The Caregiving Years

For sixteen years, I worked as an in-home caregiver. It was a deliberate choice. Someone told me in 2005 that I needed to be an author — that being associated with a lower-level occupation would keep me out of better social circles. They were right about the perception. People heard “in-home caregiver” and couldn’t reconcile it with the intellectual work. Cognitive dissonance. But caregiving let me work at night — on the book, on my research, and, for five years, producing a large collection of anthropomorphic fractal art using Apophysis. All of my clients accepted me. None outed me after I transitioned. It’s not something most people pay attention to unless their mind is on sex.

The Work

I am not a physicist or a biologist. I am a natural philosopher — in the tradition of Spinoza, Descartes, and Newton, before science divided itself into departments that stopped talking to each other. My writing blends the personal with the narrative with formal reasoning, expressed through how these principles show up in life. That style is deliberate, where I allow it.

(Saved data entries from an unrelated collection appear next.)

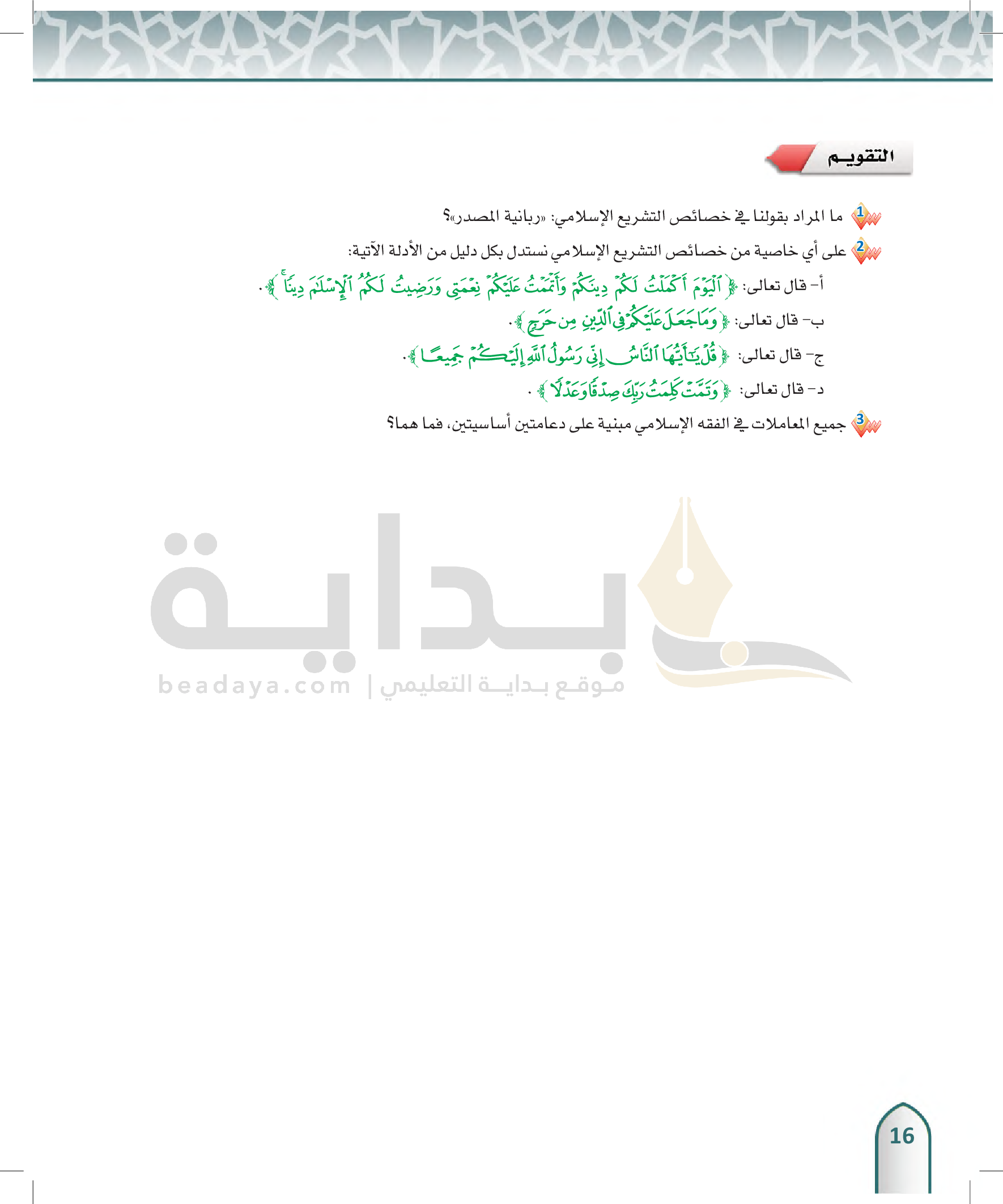 خصائص التشريع الإسلامي ومميزاته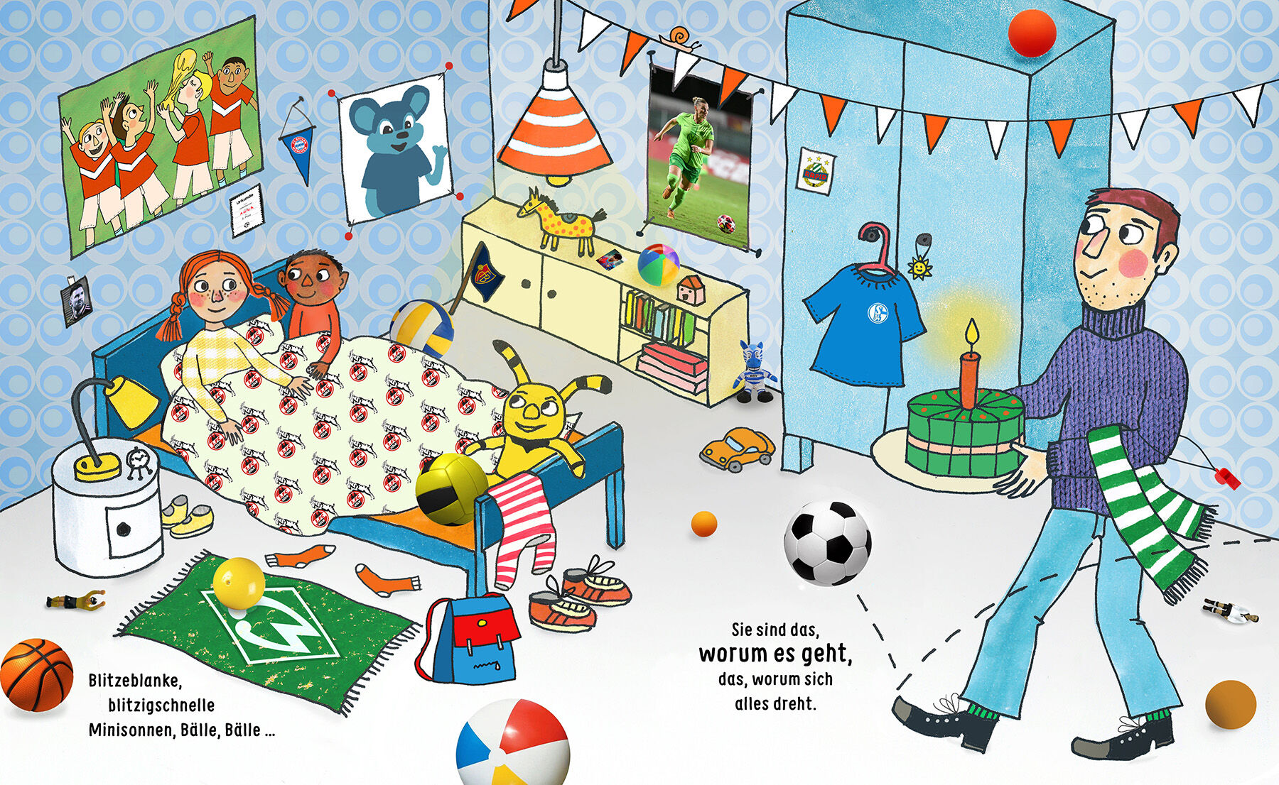 Ich am Rhein und du in Riga. Ein fußballverrücktes Bilderbuch vom Dreamteam Will Gmehling und Antje Damm. Kiki, Coco, Klaas und Kalle, jede Quappe, jede Qualle - alle lieben Fußball, alle! Temporeich und frech wie ein Rapsong feiert dieses Bilderbuch den Fußba...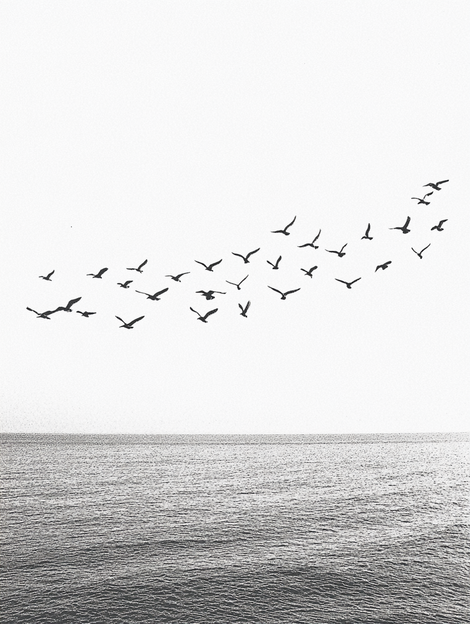 Minimalist black-and-white image of birds flying in formation over a calm ocean, with a stark white sky and textured water below.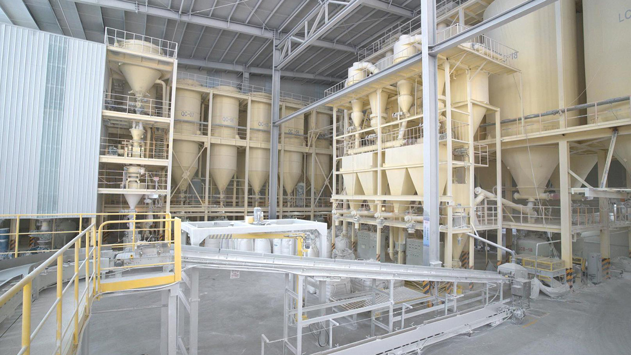 シンダー粉体工場の生産設備は先進的で、ドイツから輸入されたピール式気流研磨機2台、国内で先進的な2段階ホイール気流研磨機12台、篩過機2台、立研磨機6台を持っている。生産ラインは全過程でパイプチェーンを閉鎖して輸送し、外来汚染がなく、全自動包装生産ラインを導入し、製品包装上の袋、計量、計数、除塵、スプレーコード、高位パレタイジングなどの機能を実現する。原料上料は自動上料システムを採用し、タルク原料の配合比率、混合材料の自動化を実現し、原料の配合比率を信頼性、正確にし、製品指標は変動を減少し、製品の白度、色などの技術指標はより安定し、製品の品質が国内外の顧客の需要を満たすことを確保した。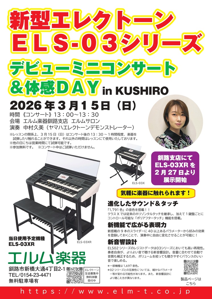 3/15(日)新型エレクトーン ELS-03シリーズ デビューミニコンサート&体感DAY in KUSHIRO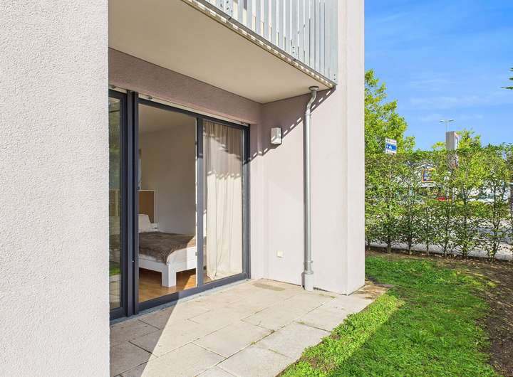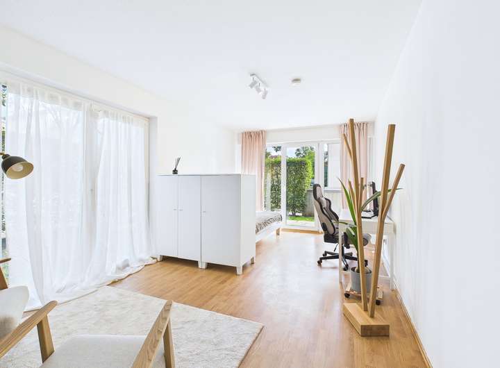 * Heller Wohn- und Schlafbereich mit Zugang zur Terrasse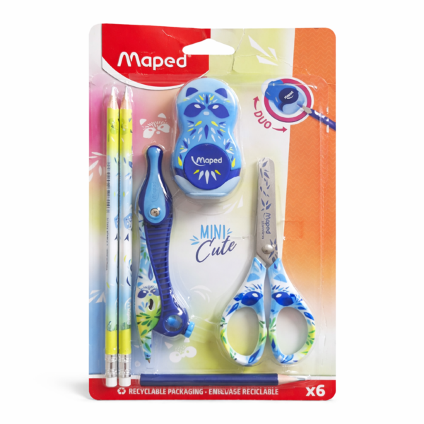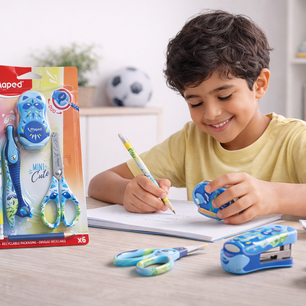 A colorful and fun stationery set from Maped, designed for kids. The Mini Cute set includes essential school tools in one pack, making learning and creativity enjoyable and easy.

Everything on this site comes from decades of independent thinking across physics, biology, chemistry, human sexuality, and systems design. The Mechanics of Mechanics — a comprehensive foundational physics framework — is now complete and approaching publication. The formal Principle of Evolution and the Evolutionary Laws of Reproduction and Speciation extend that structural thinking into biology. The Periodic Table of Atomic Elements reimagines how we visualize elemental relationships. The LGBT Intersex Series reframes human sexual variation within natural biological development. The Real McCoy Truth Engine applies formal contradiction testing to claims in any domain.

All work is published through Amelie Studios LLC.